その手があったか。無属性で中距離範囲攻撃が出来る。砂を広く散らして、中心に集まる時間を稼ぎ、集合場所に聖魔法と水魔法を置けば。


盾を引っ込めて、魔法剣を構える。距離は近い。何時もなら余裕だ。だが、俺は祈っていた。これが効かなかったら。いや、効いてくれ!


願いを込め、全力で放った。


砂は完全に四散した。カッシーが、さっきのペンダントを、中心に投げてくる。砂はもうないが、霧はペンダントを目指す。機転だ。


俺は切り替えて水魔法、レイーラが聖魔法を、ペンダントを狙って放つ。


そして、ペンダントが落下した時、霧はすべて消えていた。


ハバンロがレイーラと俺の所に飛んできた。


「無茶をしましたな。」


「でも暗魔法なら、聖魔法に弱いはずだから…。私なら、結局入れないから、乗っ取られないでしょう?」


「そうとは限らないよ。まだわからない部分が大きい。結果オーライではあったけど。」


ペンダントは完全に砕けていた。拾い上げ、カッシーの方を見たが、彼女は、ナンとシャランに声をかけていた。
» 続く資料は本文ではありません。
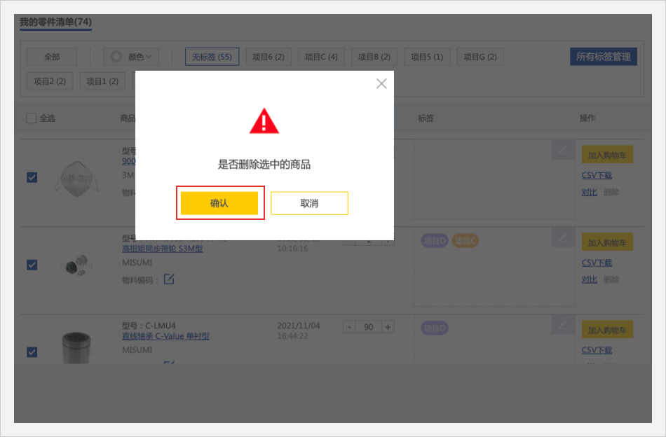 点击【确认】即可删除商品

ファイスもやって来た。俺は、怪我はないかと聞いたあと、


「解決したと考える事にしても、やっぱり後味がすっきりしないな。」


と言った。だが、ファイスは、静かに、自分が来た方を指し示した。


「そうでもないぞ。」


そこには、フーロンとユーノがいた。フーロンは、ユーノにしがみつくようにして、


「ごめん。」「悪かった。」「無事で良かった。」と並べている。泣き声だ。ユーノは、少し躊躇っていたが、フーロンの頭を撫でていた。


夜なのに、妙に明るいと思ったら、ここは人工の明かり(魔法動力のものではないようだ。)にライトアップされた、庭園だった。彫刻の施された、背の高い明かり、花壇は手入れなく、雑草だらけだったが。昔は美しい物だったのだろう。


俺は、ペンダントを光にかざしてみた。


かつて美しかった、「形見」の石は、欠片も残さず、消えていた。